Periodic rebalance backtests from local CSV inputs.
Benchmark comparison when benchmark data is available.
Bias and robustness review.
Non-goals
Do not claim that historical performance predicts future returns.
Do not optimize parameters until a preferred result appears.
Do not issue absolute buy/sell instructions.
Do not fetch live market data.
Input contract
Required inputs:
SIGNAL_CSV: rows with date, ticker, and score.
PRICE_CSV: rows with date, ticker, and close.
REBALANCE_FREQUENCY: monthly, quarterly, or yearly.
TOP_N: number of selected names per rebalance.
Optional inputs:
BENCHMARK_CSV: rows with date and close or return.
FEE_BPS: round-trip fee assumption in basis points.
SLIPPAGE_BPS: slippage assumption in basis points.

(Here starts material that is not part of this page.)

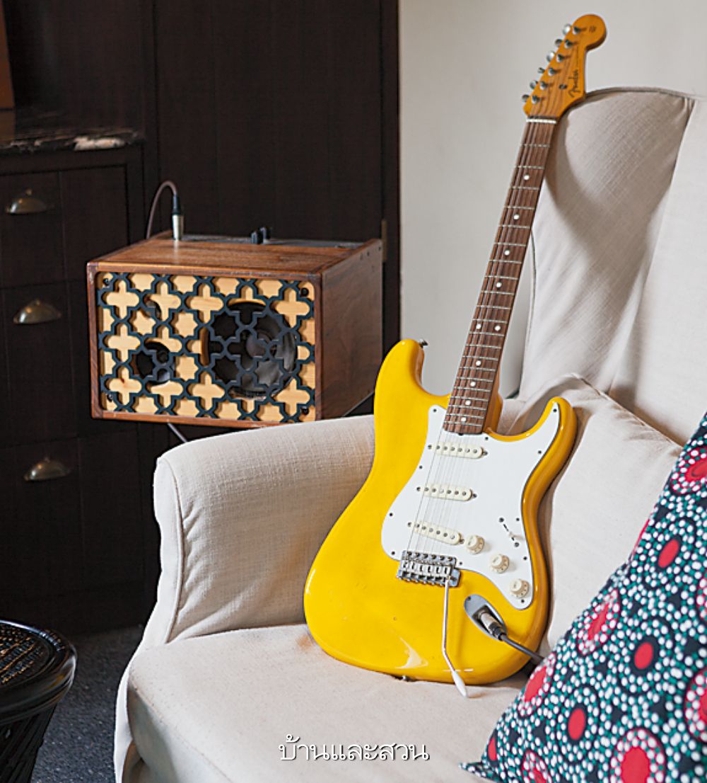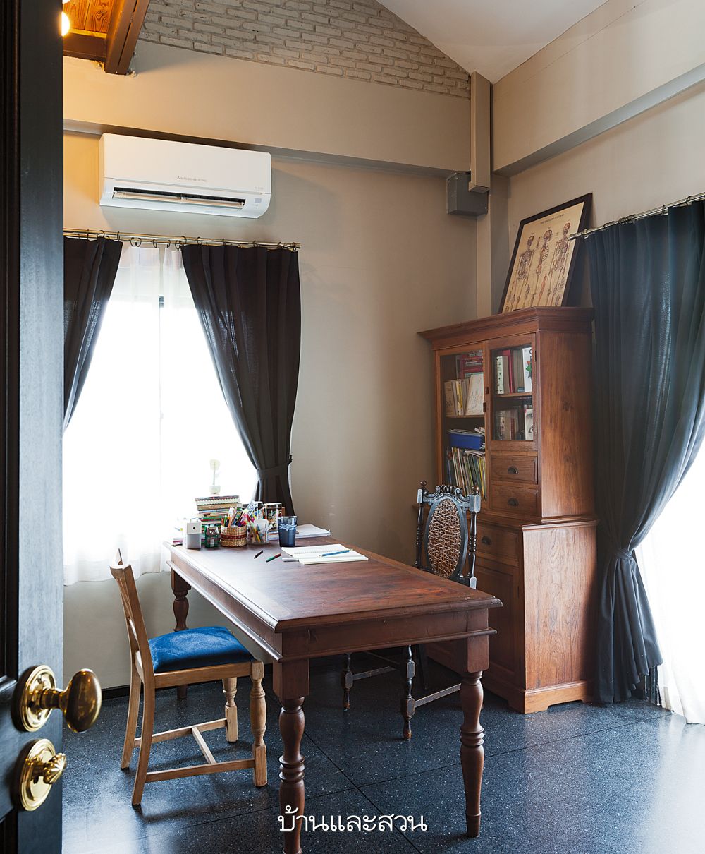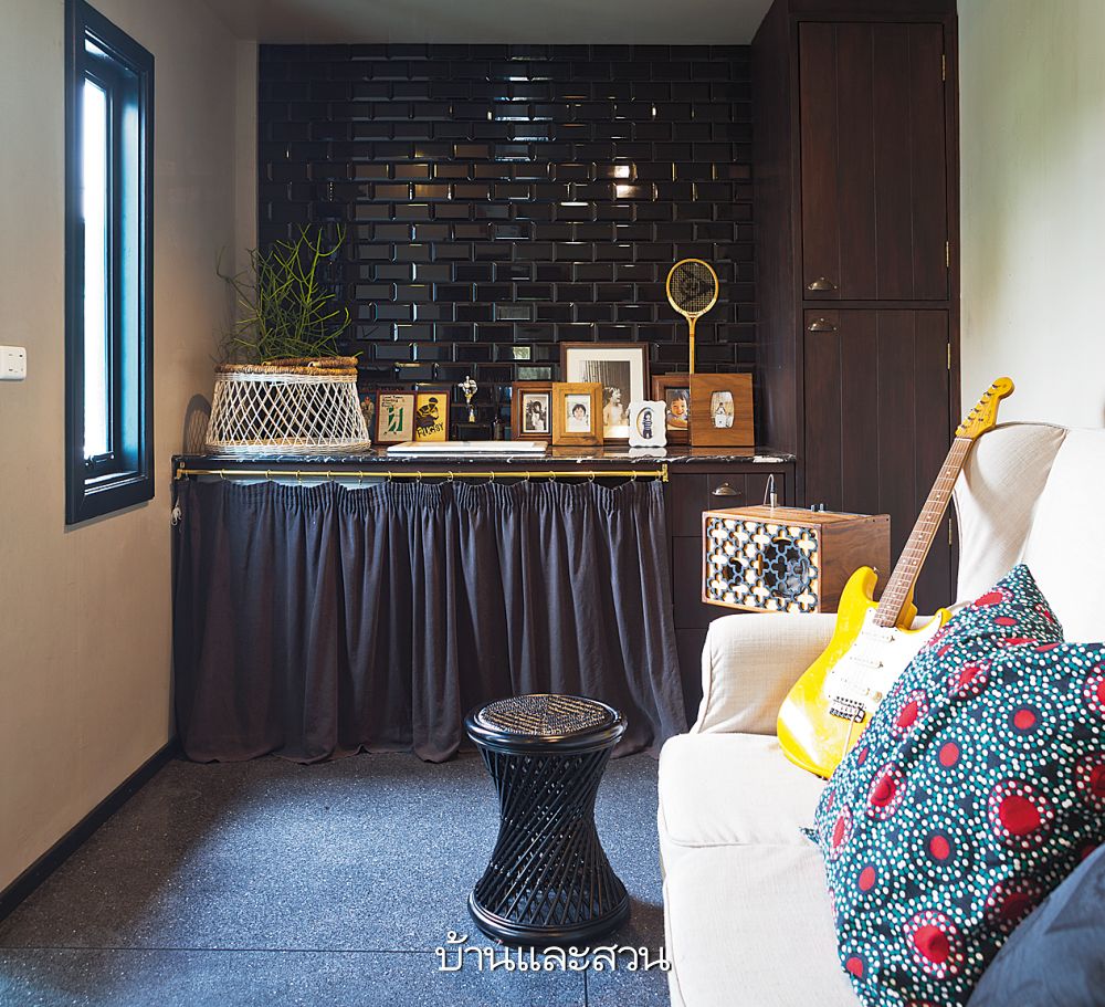 “ส่วนตัวชอบงานศิลปะและงานฝีมือในแถบศรีลังกาอยู่แล้ว ก่อนทำบ้านหลังนี้เราทั้งคู่มีโอกาสไปทริป Vernacular House ที่ศรีลังกากับ อาจารย์จิ๋ว – รองศาสตราจารย์วิวัฒน์ เตมียพันธ์ ไปชมสถาปัตยกรรมงานฝีมือท้องถิ่น วัฒนธรรม และวิถีชีวิต เรามีโอกาสได้ชมบ้านของเจฟฟรีย์ บาวา สถาปนิกชื่อดังที่ชื่นชอบอยู่แล้ว ยิ่งทำให้ได้เรียนรู้แนวคิดในเรื่องการจัดวางพื้นที่ การดึงเอกลักษณ์และรายละเอียดของงานมาจากวัฒนธรรม วิถีชีวิต และความเป็นพื้นถิ่นมาปรับใช้ในงานออกแบบ สิ่งเหล่านี้ทำให้การอยู่อาศัยมีความน่าอยู่อยู่แล้วสบาย มีมนตร์เสน่ห์ เราสามารถอยู่ได้ตลอดชีวิต”

UNIVERSE_HISTORY: point-in-time membership if available.
Execution workflow
Validate input files and required columns.
Estimate whether the test window and symbol coverage are sufficient.
Run scripts/backtest_strategy.py with explicit rebalance, fee, slippage, and top-N assumptions.
Review performance metrics and benchmark comparison.
Identify bias risks and robustness gaps.
Return the required output sections.
Required output format
Backtest Setup
Strategy name, test window, rebalance frequency, top-N, fees, slippage, benchmark.
Performance Summary
Total return, CAGR, volatility, max drawdown, Sharpe, Sortino, turnover, hit rate when available.
Benchmark Comparison
Relative return, relative drawdown, and tracking observations when benchmark data exists.